Entries supplied
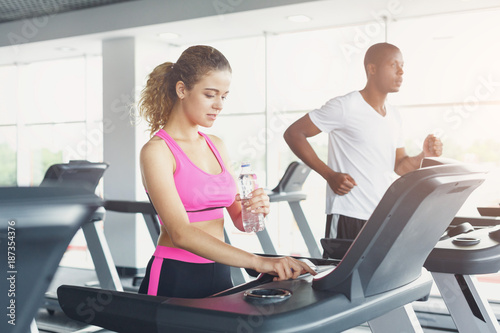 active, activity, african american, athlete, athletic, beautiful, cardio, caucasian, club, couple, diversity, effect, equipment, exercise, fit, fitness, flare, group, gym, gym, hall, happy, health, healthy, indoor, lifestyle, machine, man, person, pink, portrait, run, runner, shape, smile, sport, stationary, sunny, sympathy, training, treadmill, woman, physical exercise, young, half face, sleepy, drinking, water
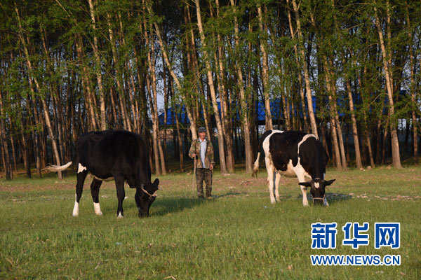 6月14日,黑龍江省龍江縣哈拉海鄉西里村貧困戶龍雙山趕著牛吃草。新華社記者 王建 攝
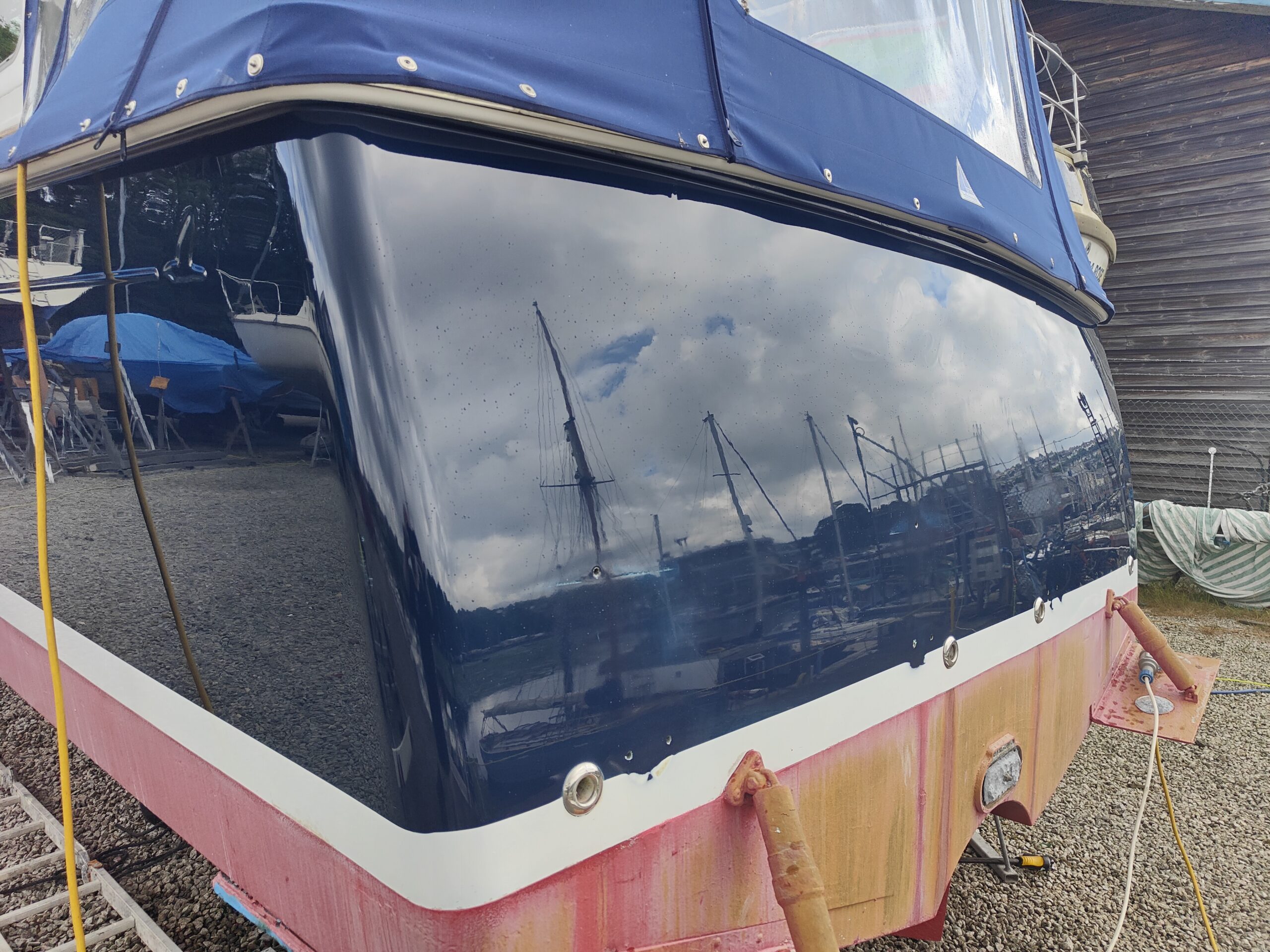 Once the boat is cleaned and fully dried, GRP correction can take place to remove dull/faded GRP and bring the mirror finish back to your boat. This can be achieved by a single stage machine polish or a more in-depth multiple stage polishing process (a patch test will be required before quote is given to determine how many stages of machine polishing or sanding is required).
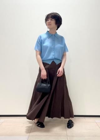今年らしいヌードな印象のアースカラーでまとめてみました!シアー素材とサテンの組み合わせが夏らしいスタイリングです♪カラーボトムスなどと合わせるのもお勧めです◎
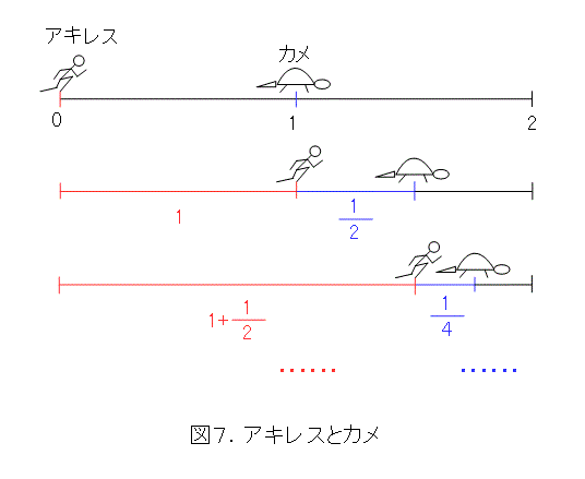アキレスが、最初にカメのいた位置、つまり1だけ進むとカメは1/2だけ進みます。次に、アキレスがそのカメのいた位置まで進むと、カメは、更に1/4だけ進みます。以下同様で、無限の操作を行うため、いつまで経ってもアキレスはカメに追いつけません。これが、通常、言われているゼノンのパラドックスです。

Task to complete
Please reproduce every record exactly, leaving the pictures out.

Written solution
 active, activity, african american, athlete, athletic, beautiful, cardio, caucasian, club, couple, diversity, effect, equipment, exercise, fit, fitness, flare, group, gym, gym, hall, happy, health, healthy, indoor, lifestyle, machine, man, person, pink, portrait, run, runner, shape, smile, sport, stationary, sunny, sympathy, training, treadmill, woman, physical exercise, young, half face, sleepy, drinking, water
 6月14日,黑龍江省龍江縣哈拉海鄉西里村貧困戶龍雙山趕著牛吃草。新華社記者 王建 攝
 Once the boat is cleaned and fully dried, GRP correction can take place to remove dull/faded GRP and bring the mirror finish back to your boat. This can be achieved by a single stage machine polish or a more in-depth multiple stage polishing process (a patch test will be required before quote is given to determine how many stages of machine polishing or sanding is required).
今年らしいヌードな印象のアースカラーでまとめてみました!シアー素材とサテンの組み合わせが夏らしいスタイリングです♪カラーボトムスなどと合わせるのもお勧めです◎
アキレスが、最初にカメのいた位置、つまり1だけ進むとカメは1/2だけ進みます。次に、アキレスがそのカメのいた位置まで進むと、カメは、更に1/4だけ進みます。以下同様で、無限の操作を行うため、いつまで経ってもアキレスはカメに追いつけません。これが、通常、言われているゼノンのパラドックスです。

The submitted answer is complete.